Campa back in business under Reliance, its new owner
Campa is set to take on its competition, which pushed it out of the aerated drinks business in the late 1990s, but this time with a new owner — Reliance Industries.
Campa’s entry comes at a time when aerated drinks as a category is already saturated.
But experts say this could give rise to competition in the segment, eventually causing the space to grow.
Some even point out that it will be an uphill task for Campa to make its entry into the market and set up a supply chain.
Reliance has acquired Campa from Pure Drinks for Rs 22 crore, according to a source in the know.
Reliance has already launched it on JioMart and is available at its stores.
The acquisition is the first among many others, besides joint ventures and partnerships that the company is looking at in order to step into the fast-moving consumer goods (FMCG) market in the country.
At the Reliance Industries annual general meeting on Monday, Isha Ambani, director, Reliance Retail Ventures, said the company will launch its FMCG business this year.
“This is an era where you don’t need money, but chutzpah and attitude.
“Small brands today are appealing to a younger audience. It all comes down to reinventing the product and also an engaging brand story is important to revive the brand,” Alpana Parida, a brand consultant said.
Parida explained that cola penetration in the country has been impressive and also aerated drinks are available at Rs 5 and Rs 10 price points, adding that companies have their rural strategies in place.
Also, the existing players are aggressive marketers.
“To expect Reliance to suddenly change the market will not be an easy task,” she said.

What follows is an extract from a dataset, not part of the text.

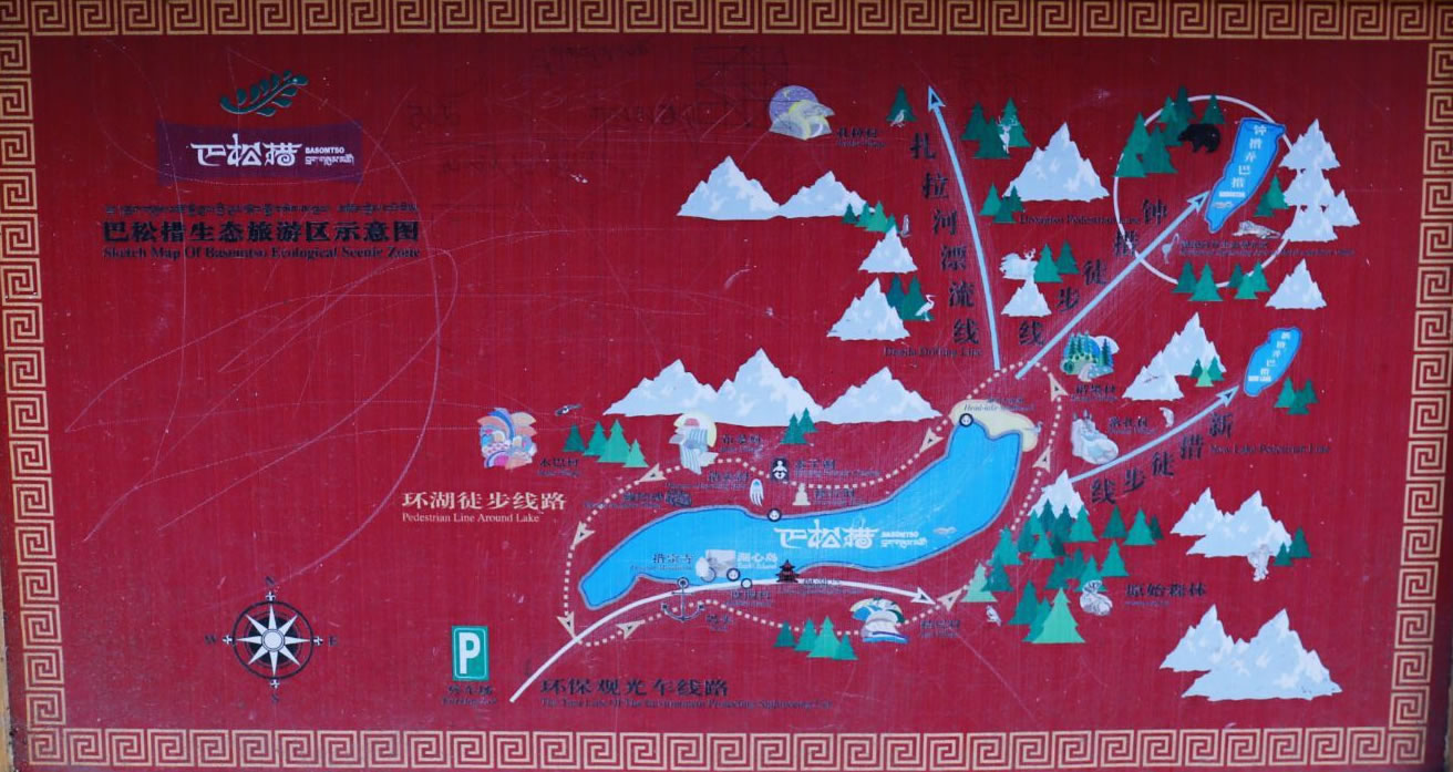 巴松措位于318國(guó)道旁,來(lái)往車輛較多,交通便利。如搭車前往,在公路邊會(huì)看到“巴松措風(fēng)景區(qū)”指示牌的岔路口下車即可,然后從巴河鎮(zhèn)北行約36公里便可抵達(dá)巴松措湖邊。

Raja Wahi, partner at Deloitte India, said, “Large FMCG companies have between 2,000 and 3,000 distributors, sub-distributors and upcountry distributors for strong market coverage.
“This takes time to build up. In addition, having a strong retail network in urban and rural markets can be a major advantage to service markets/kiranas.”
He further explained that the acquisition of brands and launching own private labels is also a great way to further build distribution and disrupt the FMCG and retail market.
Campa as a brand was synonymous with cola in the 1980s and 1990s.
After Coca-Cola had to exit India in 1977, its bottler at the time then decided to start its own brand, Campa, which enjoyed a decent market share of about 30 per cent, as it was a very well recognised brand in North India.
Pure Drinks, the erstwhile owner of Campa, had bottling factories in Mumbai and Chennai as well.
However the descent of Campa started in the mid-90s as both Pepsi and Coca-Cola entered India in quick succession.
In 1990, Pepsi entered India under stringent conditions in joint venture with Voltas and Punjab Agro Industries, and Coca-Cola also re-entered the Indian market in 1993 in a joint venture with Britannia Industries.
However, post-liberalisation, by the mid-90s Pepsi bought out Voltas and Punjab Agro’s stake.
Even Coca-Cola was no longer in a partnership with Britannia by the mid-90s, which caused competition in the industry to increase and eventually caused Campa to move out of the market.
The two US-based cola giants decided to fight it out to dominate the Indian market.
Also, Campa stopped focusing on increasing its distribution in the mid-90s, thereby losing out in the race with the cola giants.
“The re-entry of Campa into the market will cause competitive activity to increase in the aerated beverage space.
“With greater competition, the excitement in the category will definitely increase and will help in expanding the category,” said Deepak Jolly, founder of advisory firm, Consocia Advisory.